Kamath calls for BRICS ratings agency to escape the clutches of Big 3
17 Oct 2016
New Development Bank (NDB) president K V Kamath on Saturday mooted a BRICS-backed credit rating agency since the methodologies of the big three global agencies have been constraining growth in emerging nations.
Kamat cited the case of NDB itself, which is planning to get itself rated for bond-raising in many countries, adding that its rating will surely be affected because the promoter countries - Brazil, Russia, India, China, South Africa - are not AAA-rated by any of the Big 3 [Moody's, Standard & Poor's and Fitch].
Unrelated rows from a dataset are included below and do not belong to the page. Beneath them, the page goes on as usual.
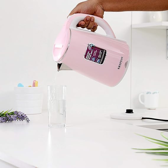 Krypton 1.8L Cordless Electric Kettle 1500W KNK6062, 360 Degree Rotational Base, Detachable Base, Concealed Heating Element, Auto Shut-off, Dry Boil Protection, Double Layer Stainless Steel, Cordless, Rapid Boil Krypton 1.8L Cordless Electric Kettle – One of those handy items with a long lifespan and adequate heating! A stylish Choice. The Krypton Electric Kettle provides you with a stylish design Textured Kettle combining a high-quality glass material for a rich feel meaning it will bring style to any kitchen worktop. The large, 1.8-liter capacity means you’ll have plenty of hot water for any large family or team or work colleagues. Filling the large kettle is also easy thanks to the open lid design. It is a 1500W, kettle that boils quickly and quietly, even when it is at full capacity. Boil Up to 7 Cups in One Go This kettle features rapid boil action, meaning your water will be ready in no time, and a generous 1.8L capacity, allowing you to make up to 10 drinks with just one use. You can also easily keep an eye on the water level, thanks to the clear water window. Stylish Design, Stainless Steel Inner – This electric kettle is made of strong double layer housing with stainless steel inner body which is distinguished by durability and the outer beautiful design makes it stylish. AUTO SHUT-OFF & BOIL-DRY PROTECTION – Automatic shut off function upon boiling and the boil-dry protection prevents it boiling if there is insufficient water present. 360° ROTATIONAL BASE – To keep the kitchen tidy, the base has integrated cord storage so it can be tidied away at your convenience & the handy 360° base means it can be comfortably used by right & left-handed people. CAPACITY 1.8L – The capacity is 1.8L so will be good size for the family. Large size for making multiple cups of tea or coffee. To make pouring comfortable and easy the kettle features an ergonomic handle. DETACHABLE BASE, CONCEALED HEATING ELEMENT – To keep the kitchen tidy, the base has integrated cord storage so it can be tidied away at your convenience. STAINLESS STEEL – This electric kettle is made of stainless steel and is distinguished by their durability and makes a healthy kitchen appliance to heat up water, and it is also very easy to clean.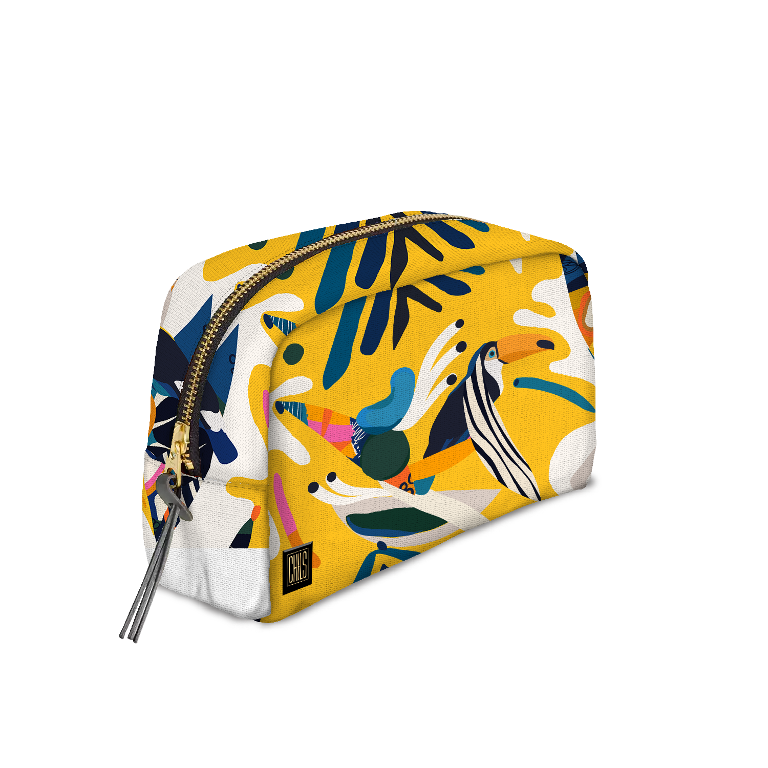 La trousse Toucans Ludiques séduit par son motif tropical joyeux et audacieux. De charmants toucans stylisés, aux formes géométriques modernes, se détachent sur un fond jaune éclatant, accompagnés de feuillages tropicaux et de touches colorées de turquoise, rose vif, orange et vert émeraude. L’ensemble crée une composition à la fois ludique, contemporaine et pleine d’énergie, parfaite pour ajouter une touche d’originalité à vos essentiels du quotidien.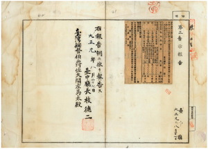 九 第九号 明治三九年二月府令第八号墓地火葬場及埋火葬取締規則ニ依リ台中庁管内ノ大南庄共同墓地、七け庄水井仔共同墓地、大南庄番社嶺共同墓地・馬力埔庄共同墓地許可ノ件南投庁・嘉義庁・阿緱庁ノ庁令供閲ノ件

Speaking at the BRICS Financial Forum, organised by Exim Bank on the sidelines of the BRICS summit in Goa, Kamath wondered why a multilateral bank with deep capital buffer should get a low rating simply because it is promoted by countries whose sovereign ratings are not on the high side as per the parameters used by the rating agencies.
"We need not constrain ourselves from our ability to do business...If this is the norm, I fear growth in the developing world will also be impacted," Kamath said.
Kamath, also wondered why a bank like NDB has to limit its leverage at three times its buffer despite lending to sovereigns, whereas a commercial bank can take take its leverage to nine times despite the higher commercial risks it takes.
"The growing challenge is the stance that the global rating agencies take while looking at the developing countries ...Nobody has had a dialogue with rating agencies. We as developing countries have to take up this as something which is critical to us," he said.
"So much money can be raised and can be actually put on the table without having to access further capital if we are able to talk to the rating agencies," Kamath said.
The comments follow concerns expressed by the BRICS (Brazil, Russia, India, China, South Africa) group against the working of the rating market, currently controlled by
The Big 3 - all based in the US - follow policies that fit the interests of US business and they have a stranglehold on the rating market in the absence of a competitor – something of a oligopoly. This has forced the five-member grouping to pursue idea of creating its own independent rating agency.
Exim Bank chairman Yaduvendra Mathur had pointed out earlier that the top three agencies control 90 per cent of the market, and make the issuer pay for the rating rather than the investor, which opens up possiblities for conflicts of interest.
Mathur had also called for an independent rating agency for the BRICS nations, saying the way the present Big 3 are going about their job reeks of conflict of interest.
He also expressed strong concerns on the way these agencies go about rating in the current context. "We look at with dismay that the strong economic growth of India is still not captured in the ratings that we get while we raise the money through overseas bonds," Mathur said.